The next image is of an entrance which I thought was able to give you some ideas for the entrance to your house.

interesting entrance on verandah.jpg

This was chosen by the architect to achieve some very good objectives:
1. It makes a statement about the house.
2. It is a gable which lifts the roof above the doorway and permits massive amounts of light to enter the passage without being obvious about it like a skylight or clear sheeting in the roof does.
3. It is in keeping with the period of the house.

I don't like the portico posts but for this house of brick it works. Certainly not on your house. But a veranda post configuration such as this could help with your desire to get the light into the passage, and if made to be like all the other posts of the veranda, but with a difference that makes it stand out a bit, you could achieve such a good effect as this entrance achieves.

Dave replied: We're having a play with verandah post configuration now. The gabled bit is nice, but it's too grand we think for the old house.
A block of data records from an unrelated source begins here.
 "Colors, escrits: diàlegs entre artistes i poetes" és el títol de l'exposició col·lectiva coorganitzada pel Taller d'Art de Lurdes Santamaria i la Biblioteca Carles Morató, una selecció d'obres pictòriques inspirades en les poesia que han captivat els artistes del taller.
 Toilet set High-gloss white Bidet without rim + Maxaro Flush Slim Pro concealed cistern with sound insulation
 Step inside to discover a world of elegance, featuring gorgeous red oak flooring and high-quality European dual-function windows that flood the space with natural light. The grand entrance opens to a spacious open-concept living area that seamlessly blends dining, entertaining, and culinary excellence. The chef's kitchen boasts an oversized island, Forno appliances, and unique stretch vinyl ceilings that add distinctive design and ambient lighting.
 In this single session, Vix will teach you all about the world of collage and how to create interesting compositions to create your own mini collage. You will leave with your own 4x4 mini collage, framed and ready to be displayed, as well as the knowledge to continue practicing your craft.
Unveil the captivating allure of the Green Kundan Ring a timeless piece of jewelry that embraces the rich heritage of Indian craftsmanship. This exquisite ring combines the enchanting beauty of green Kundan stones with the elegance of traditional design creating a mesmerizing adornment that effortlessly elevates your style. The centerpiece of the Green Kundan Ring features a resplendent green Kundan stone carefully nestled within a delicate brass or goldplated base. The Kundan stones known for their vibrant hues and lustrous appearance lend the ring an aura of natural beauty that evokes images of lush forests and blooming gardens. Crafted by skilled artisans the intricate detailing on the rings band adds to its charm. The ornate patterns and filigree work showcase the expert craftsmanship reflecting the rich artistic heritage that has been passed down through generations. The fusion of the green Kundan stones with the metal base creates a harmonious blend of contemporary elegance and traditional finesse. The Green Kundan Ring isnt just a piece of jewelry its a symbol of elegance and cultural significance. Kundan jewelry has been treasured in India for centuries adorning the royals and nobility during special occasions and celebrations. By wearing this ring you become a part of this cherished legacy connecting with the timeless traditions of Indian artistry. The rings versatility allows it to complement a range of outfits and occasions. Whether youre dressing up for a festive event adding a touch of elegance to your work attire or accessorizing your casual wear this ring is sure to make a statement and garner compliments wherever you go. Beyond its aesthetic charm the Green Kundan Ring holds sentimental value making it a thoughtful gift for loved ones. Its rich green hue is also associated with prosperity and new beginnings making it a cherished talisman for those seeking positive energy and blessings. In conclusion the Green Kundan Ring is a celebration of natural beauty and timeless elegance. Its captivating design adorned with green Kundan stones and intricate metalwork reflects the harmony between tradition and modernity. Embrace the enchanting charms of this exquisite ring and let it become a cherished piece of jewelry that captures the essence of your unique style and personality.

We have another idea though that we will include in the sketch, as we like the principle of allowing light in without being so obvious about it.
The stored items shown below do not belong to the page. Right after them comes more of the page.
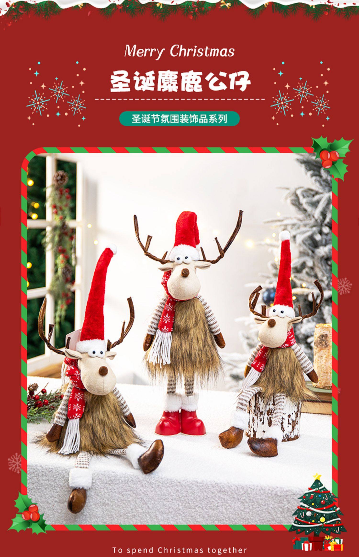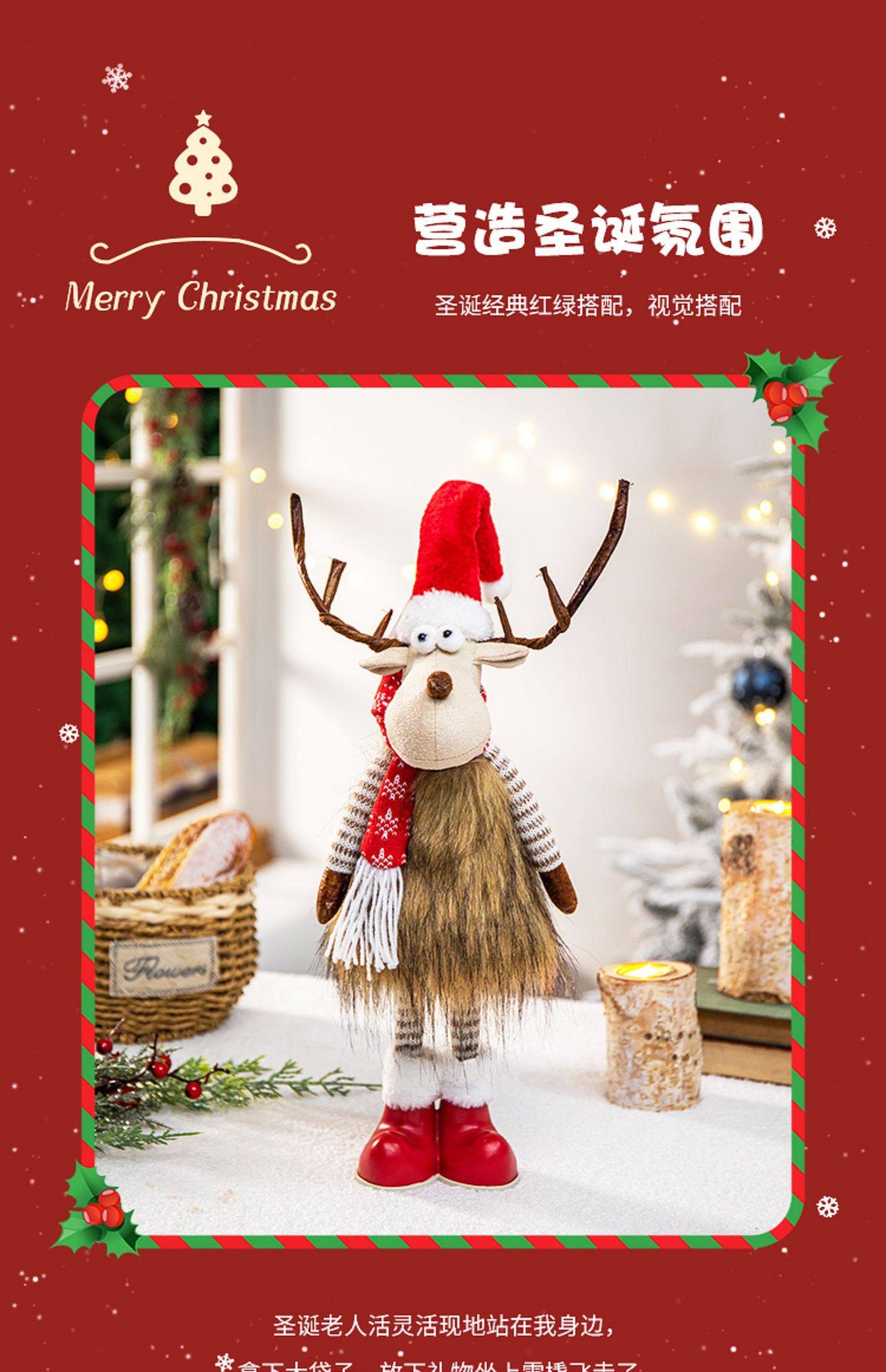 圣诞节装饰圣诞麋鹿摆件圣诞树装饰店铺橱窗装饰场景布置圣诞饰品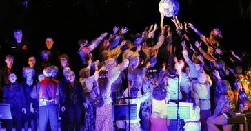 Dernière représentation 2 Choeurs en Pétard dans la Salle de spectacle La Pyramide à Romorantin. Comédie musicale: Ballade dans le temps avec un répertoire très varié de chansons françaises, Aznavour, Goldman, Delpech, Fugain, Antoine, Lavilliers et Souchon parmi d’autres. Les choristes ont animé et dynamisé la salle tant par la mise en scène de la comédie que par leurs costumes très colorés, sous la direction du talentueux chef de chœur Norbert Parmentier accompagné de son pianiste Pierre Rebours. Des messages de paix et d’optimisme ont été passés à travers des textes et des chansons. Après 2 heures de concert, cette belle soirée s’est clôturée avec un medley de Michel Fugain.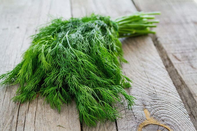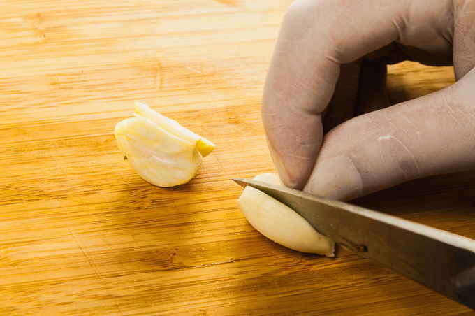 - Pel de knoflook en halveer de teentjes. Spoel de dille onder water en droog licht. Snijd de twijgen vervolgens in kleinere stukjes.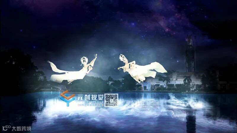 水幕激光秀还可与舞台结合,真实人物演绎结合水幕投影,带给观众虚实结合的视觉感官冲击。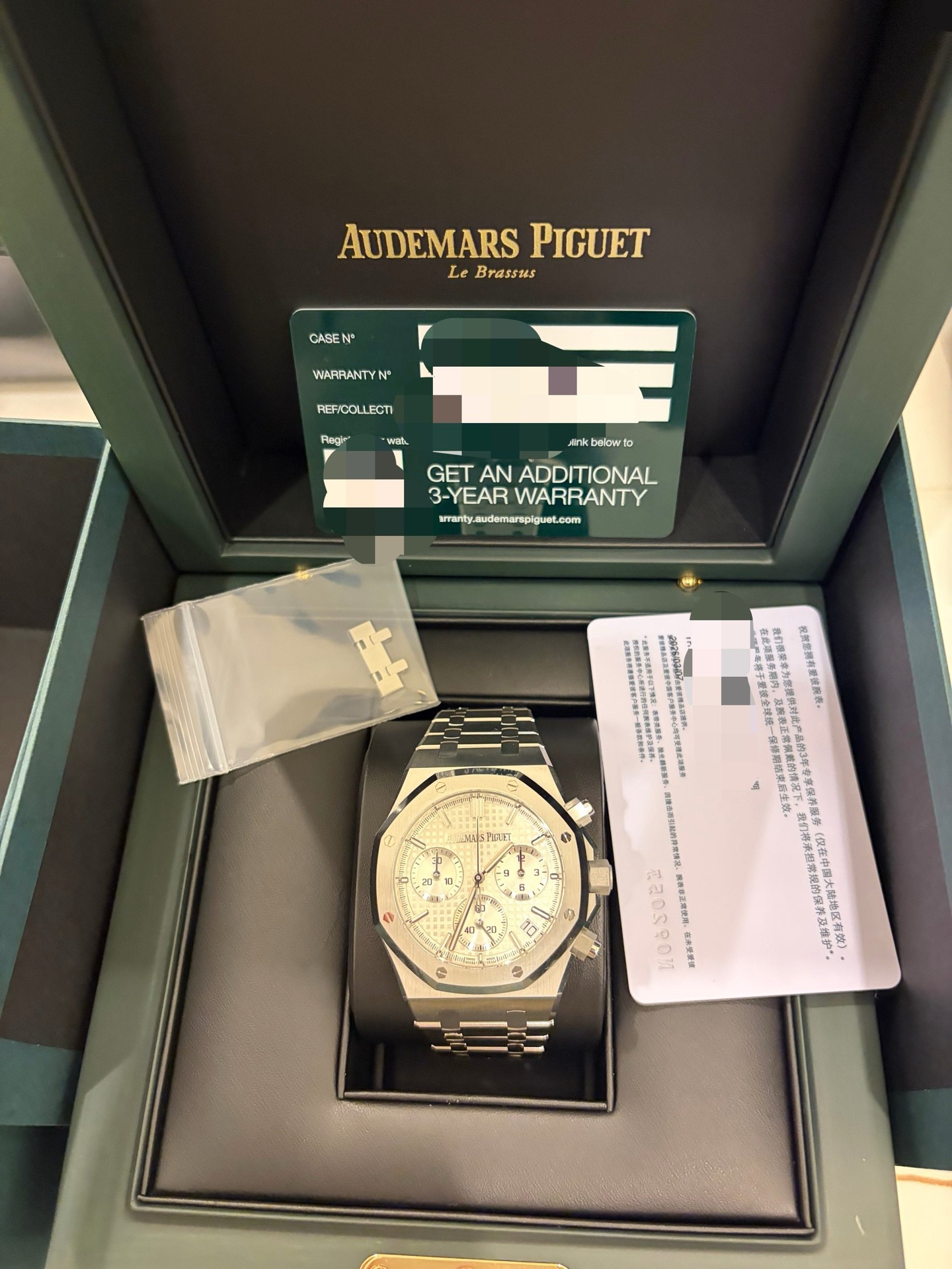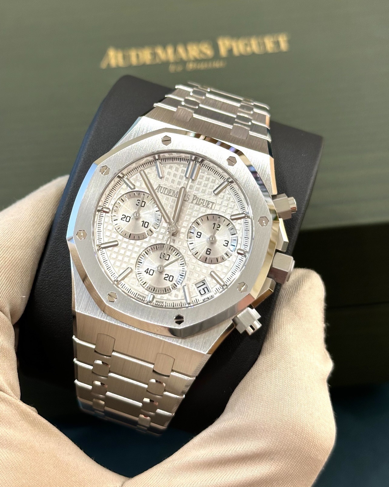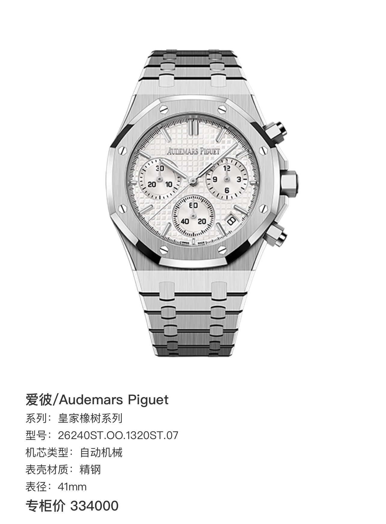 爱彼皇家橡树26240st白盘,41mm表径,自动机械,精钢材质,日期显示,计时功能,全新未使用国行双保卡2026年03月,现货好价

The next image is to show you how I had planned to embellish the square posts I bought for the deck. I would work the centre part with the router and plane, and add the moldings which give it character and dress. The skirting around the post at the bottom is likewise an embellishment which can be added later.

verandah posts embellished.jpg

I like the square posts for the veranda rather than the round look of the turned posts. And they are a fraction of the cost for expenditure right now. Embellishment could be done later when the style is decided and the frieze is decided. All things you and Dave could do in free time as well, given that you can wait for such things and save these sort of jobs for yourself. Getting the moldings is easy, and using the tools easy too.
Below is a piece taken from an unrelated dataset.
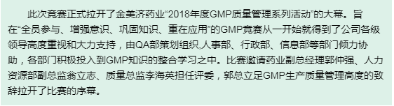 登场比赛充分展示了金美济员工GMP知识水平和朝气茎勃,积极向上的进取精神。鑫后,李海关总对本次比套作总结,他说道:“公司的可持续发展最终依掌的是质量管理团队提供的质呈保障,知识免我有利于员工学习交流和口氏提升,是提高田队凝聚力的有效途径。希望此关活动持填开展下去,并将其常态化,为进一步理解和海立GMP管理、稳主并逐步将开公司产品质量,打造金辨品属名实基础。”知识竟赛展风采 ,创新岁戏新起航。让我们以此次GMP知识竟赛为契机,立足本把忍向,影地古记,汽武西,罪仲都色,四他,也-西的标杆企业的运路上!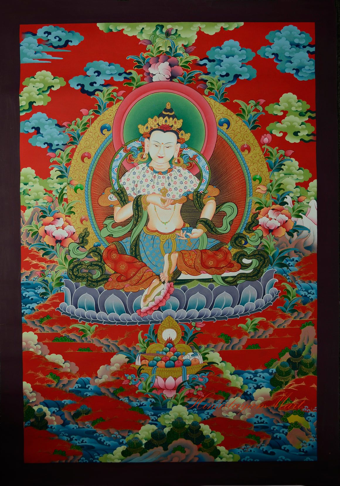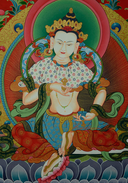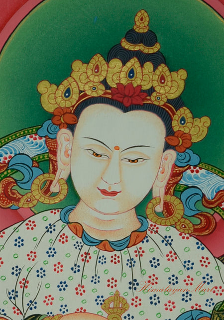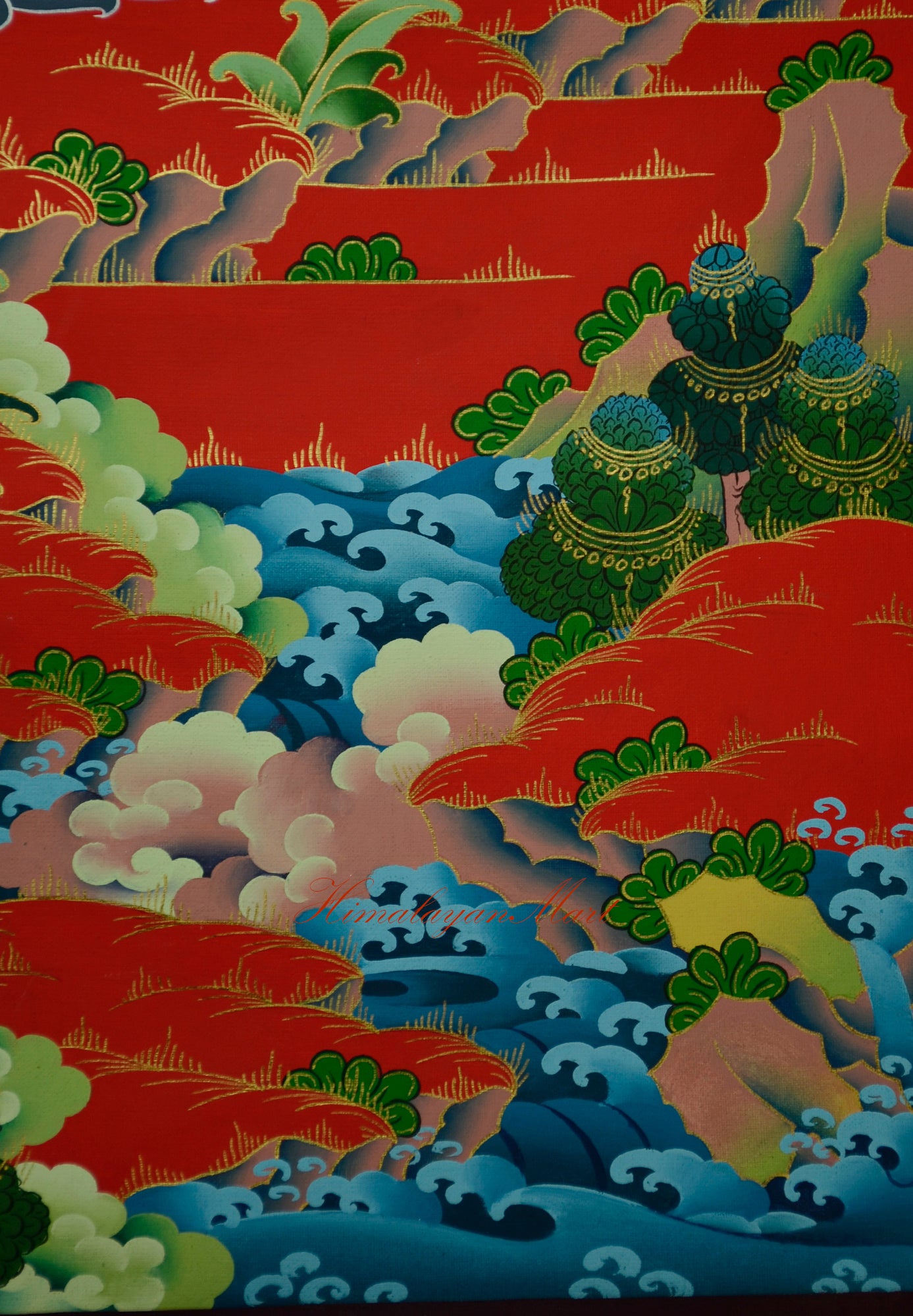 The intricate brushwork reflects deep spiritual intention and generations of artistic heritage. Each detail is rendered with precision to preserve sacred proportions and symbolism. Gold accents illuminate the thangka, radiating a soft, spiritual glow.

If you want turned posts, these need to be done before being put in place, however, and do not lend themselves to embellishment at a later date so readily as a decision of how low to keep the unworked part of the post to accomodate the frieze must be made before placing the post in situ.

We replied: In terms of the verandah post shape. Lyn likes turned posts but is worried they may not fit well with the balustrading. So, we are in the process of designing some 'square' post scenarios that Lyn is comfortable with, and I'll try to finish those and get em to you this weekend.

We've also been experimenting with some ideas about the animal protection bit under the floor level on the verandah. We saw a picture of one that was recessed back a set of stumps, to allow shaded space for garden and/or for animals to rest. We think this is a good idea to try on at least part of the house.


Finally, this next image is to give you some idea of the roof structure of the hobbithouse I plan to build.

hobbithouse roof structure image.jpg

I will have a veranda on it of course, and it will be built in a crescent shape following the hill it is carved into, but the roof structure will be quite distinctive and time-consuming. The whole will be quite unseen from your house or the roadway, but will be a pleasant surprise to discover when walking. I will obtain a permit for the structure first as I want it to be a building you can use as a bed and breakfast. But at present it is my dream on paper and in my mind. By getting the permit, I can proceed in a sensible sequence with my foundations and Treebeard and his Entwives which will be posts to support the whole of the structure. (NB: Treebeard and his Entwives are Dad's names for the big tree trunks from the trees taken out at Mum's house).

Dave replied: It'll be great when it's done! It is very interesting, I bet there won't be another house like it in all of Victoria!